Dataset entries:
_____

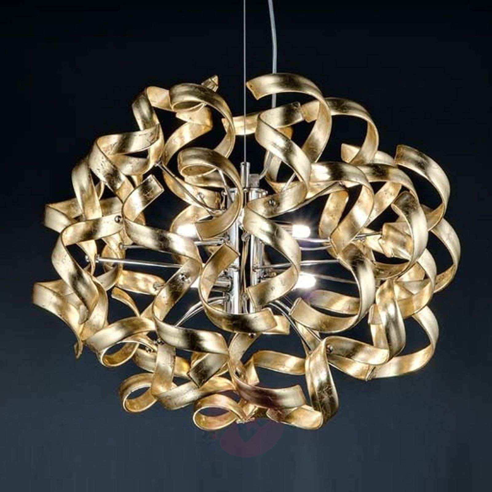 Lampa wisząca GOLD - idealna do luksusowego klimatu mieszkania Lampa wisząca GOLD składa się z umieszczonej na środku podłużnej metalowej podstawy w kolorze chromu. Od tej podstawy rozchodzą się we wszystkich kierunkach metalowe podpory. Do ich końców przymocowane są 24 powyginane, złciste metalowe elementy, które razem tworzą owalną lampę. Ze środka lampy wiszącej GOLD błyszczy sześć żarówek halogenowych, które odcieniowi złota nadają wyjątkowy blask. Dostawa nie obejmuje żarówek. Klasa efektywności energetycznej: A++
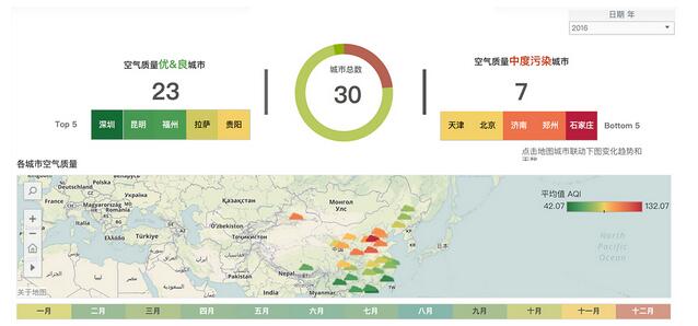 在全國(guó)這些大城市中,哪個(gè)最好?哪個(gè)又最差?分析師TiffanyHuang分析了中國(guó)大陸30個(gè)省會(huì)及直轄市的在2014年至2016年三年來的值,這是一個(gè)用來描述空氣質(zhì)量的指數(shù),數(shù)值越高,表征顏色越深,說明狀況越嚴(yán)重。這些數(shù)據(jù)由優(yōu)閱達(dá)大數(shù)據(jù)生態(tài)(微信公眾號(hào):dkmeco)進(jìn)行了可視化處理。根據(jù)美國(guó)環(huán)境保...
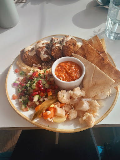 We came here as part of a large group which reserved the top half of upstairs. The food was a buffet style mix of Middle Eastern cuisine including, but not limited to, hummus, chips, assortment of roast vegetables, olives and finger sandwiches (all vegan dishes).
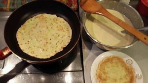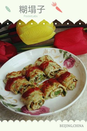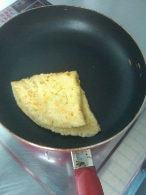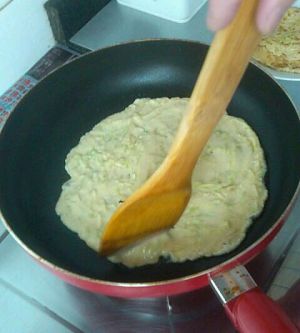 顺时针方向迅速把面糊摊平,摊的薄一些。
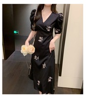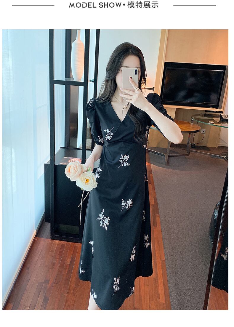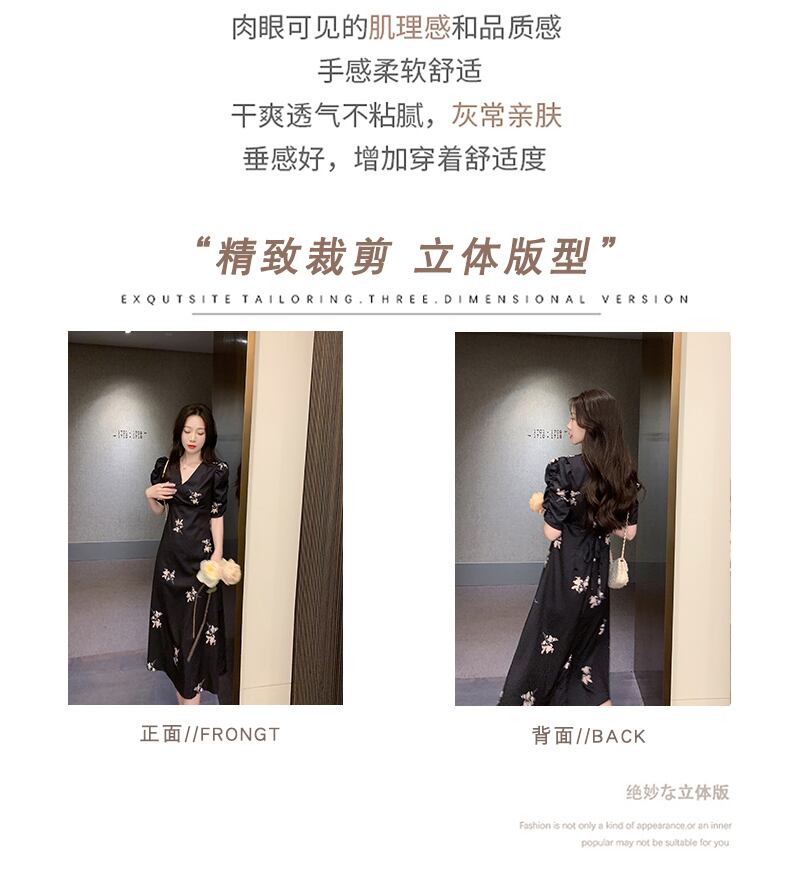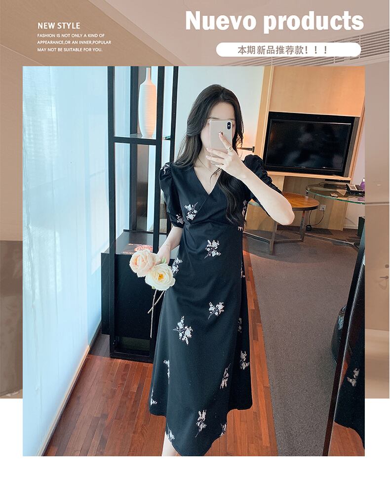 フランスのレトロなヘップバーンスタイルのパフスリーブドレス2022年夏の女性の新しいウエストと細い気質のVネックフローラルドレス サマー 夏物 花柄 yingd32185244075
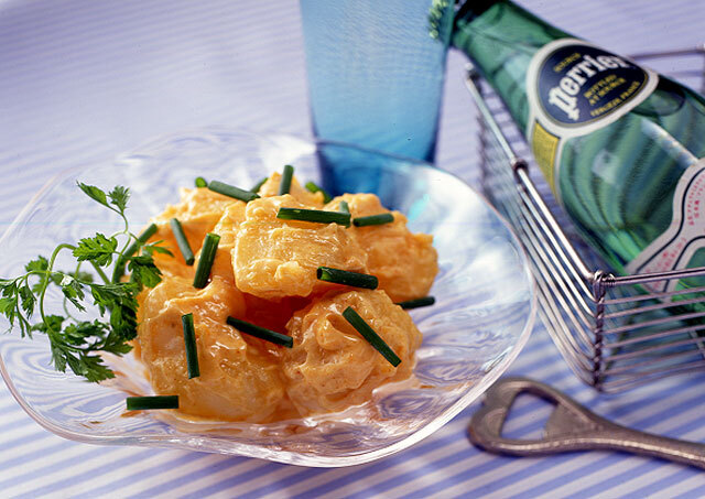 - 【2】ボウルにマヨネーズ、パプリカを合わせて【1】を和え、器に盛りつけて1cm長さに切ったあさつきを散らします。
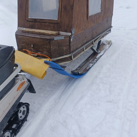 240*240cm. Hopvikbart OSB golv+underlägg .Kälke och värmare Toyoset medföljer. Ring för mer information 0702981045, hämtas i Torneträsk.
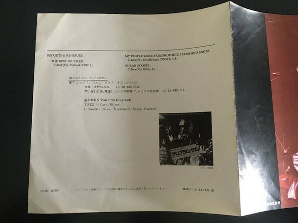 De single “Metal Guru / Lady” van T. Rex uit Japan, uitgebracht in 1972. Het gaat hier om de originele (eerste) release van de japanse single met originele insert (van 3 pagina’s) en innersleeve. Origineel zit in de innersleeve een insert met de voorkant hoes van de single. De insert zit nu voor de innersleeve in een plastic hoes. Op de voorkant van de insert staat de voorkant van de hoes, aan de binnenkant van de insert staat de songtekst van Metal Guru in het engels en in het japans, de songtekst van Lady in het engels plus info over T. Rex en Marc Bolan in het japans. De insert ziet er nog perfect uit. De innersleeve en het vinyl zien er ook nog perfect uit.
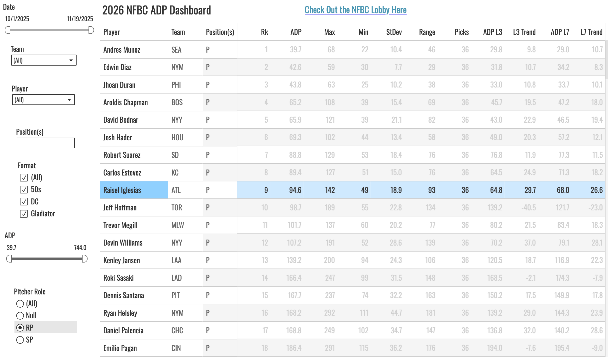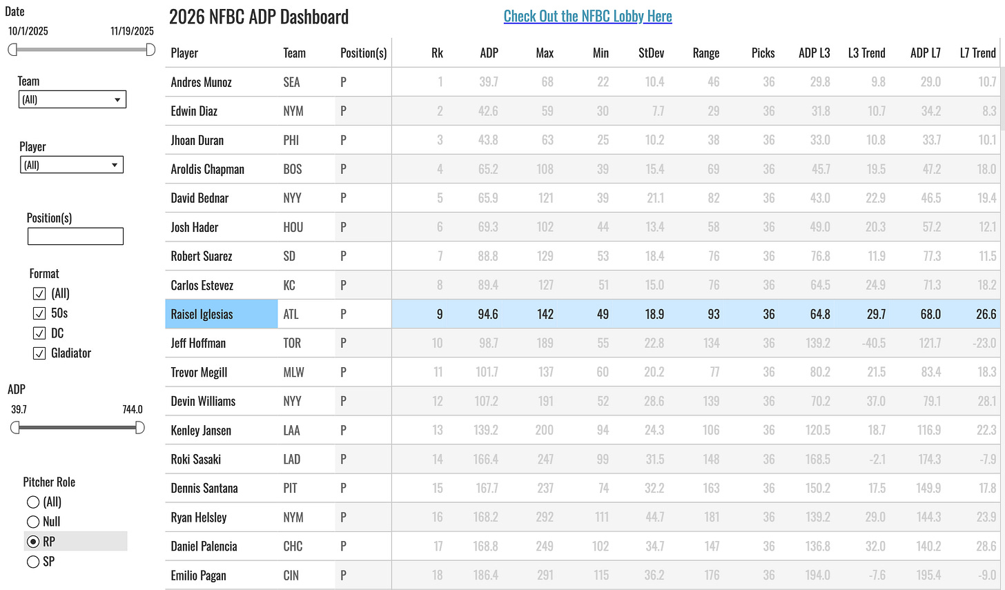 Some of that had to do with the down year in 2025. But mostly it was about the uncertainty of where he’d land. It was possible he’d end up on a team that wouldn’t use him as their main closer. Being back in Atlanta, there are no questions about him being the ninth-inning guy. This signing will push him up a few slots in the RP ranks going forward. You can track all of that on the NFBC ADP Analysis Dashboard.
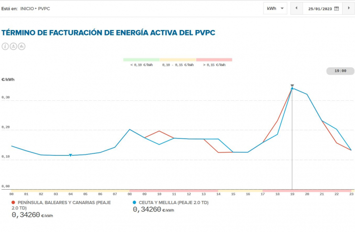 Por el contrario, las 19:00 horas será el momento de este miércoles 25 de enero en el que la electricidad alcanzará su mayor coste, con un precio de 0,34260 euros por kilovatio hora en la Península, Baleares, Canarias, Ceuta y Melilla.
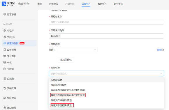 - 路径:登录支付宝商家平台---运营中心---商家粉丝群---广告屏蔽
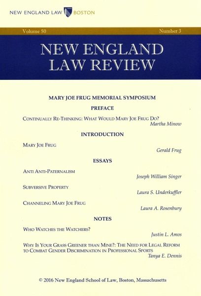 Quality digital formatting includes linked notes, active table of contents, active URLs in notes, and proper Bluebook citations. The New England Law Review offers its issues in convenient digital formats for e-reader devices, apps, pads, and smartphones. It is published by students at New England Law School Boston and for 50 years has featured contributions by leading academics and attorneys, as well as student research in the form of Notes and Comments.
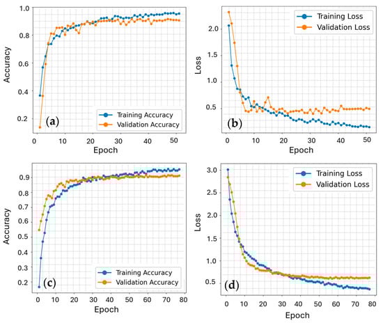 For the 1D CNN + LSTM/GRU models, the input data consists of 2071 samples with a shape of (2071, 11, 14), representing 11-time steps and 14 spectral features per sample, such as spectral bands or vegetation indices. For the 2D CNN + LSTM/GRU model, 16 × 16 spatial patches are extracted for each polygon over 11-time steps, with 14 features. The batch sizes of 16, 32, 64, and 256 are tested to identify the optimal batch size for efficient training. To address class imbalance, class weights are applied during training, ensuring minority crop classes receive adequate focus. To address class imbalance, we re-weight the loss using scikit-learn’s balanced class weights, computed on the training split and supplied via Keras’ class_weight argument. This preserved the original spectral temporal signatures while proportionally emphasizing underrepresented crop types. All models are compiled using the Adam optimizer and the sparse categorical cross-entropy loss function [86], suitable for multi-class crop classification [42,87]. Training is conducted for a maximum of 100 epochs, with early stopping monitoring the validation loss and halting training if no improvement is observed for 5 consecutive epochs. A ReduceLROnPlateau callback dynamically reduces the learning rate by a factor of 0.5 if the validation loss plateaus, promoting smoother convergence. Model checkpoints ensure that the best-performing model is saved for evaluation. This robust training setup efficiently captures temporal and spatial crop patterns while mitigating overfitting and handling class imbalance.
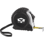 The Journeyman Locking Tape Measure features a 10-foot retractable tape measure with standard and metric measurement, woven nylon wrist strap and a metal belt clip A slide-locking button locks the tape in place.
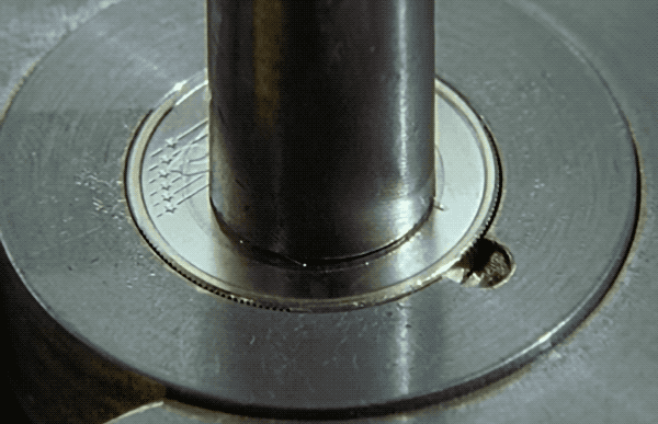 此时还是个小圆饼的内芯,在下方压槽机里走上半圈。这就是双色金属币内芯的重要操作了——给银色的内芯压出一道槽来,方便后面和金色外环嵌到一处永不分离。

_____

| EXERCISE DIRECTIONS |
Once the line with "Some of that" is found in the data above, reproduce it and each line after it exactly, through the line with "Quality digital formatting". Omit the pictures.

| ANSWER TO THIS TASK |
 Some of that had to do with the down year in 2025. But mostly it was about the uncertainty of where he’d land. It was possible he’d end up on a team that wouldn’t use him as their main closer. Being back in Atlanta, there are no questions about him being the ninth-inning guy. This signing will push him up a few slots in the RP ranks going forward. You can track all of that on the NFBC ADP Analysis Dashboard.
 Por el contrario, las 19:00 horas será el momento de este miércoles 25 de enero en el que la electricidad alcanzará su mayor coste, con un precio de 0,34260 euros por kilovatio hora en la Península, Baleares, Canarias, Ceuta y Melilla.
 - 路径:登录支付宝商家平台---运营中心---商家粉丝群---广告屏蔽
 Quality digital formatting includes linked notes, active table of contents, active URLs in notes, and proper Bluebook citations. The New England Law Review offers its issues in convenient digital formats for e-reader devices, apps, pads, and smartphones. It is published by students at New England Law School Boston and for 50 years has featured contributions by leading academics and attorneys, as well as student research in the form of Notes and Comments.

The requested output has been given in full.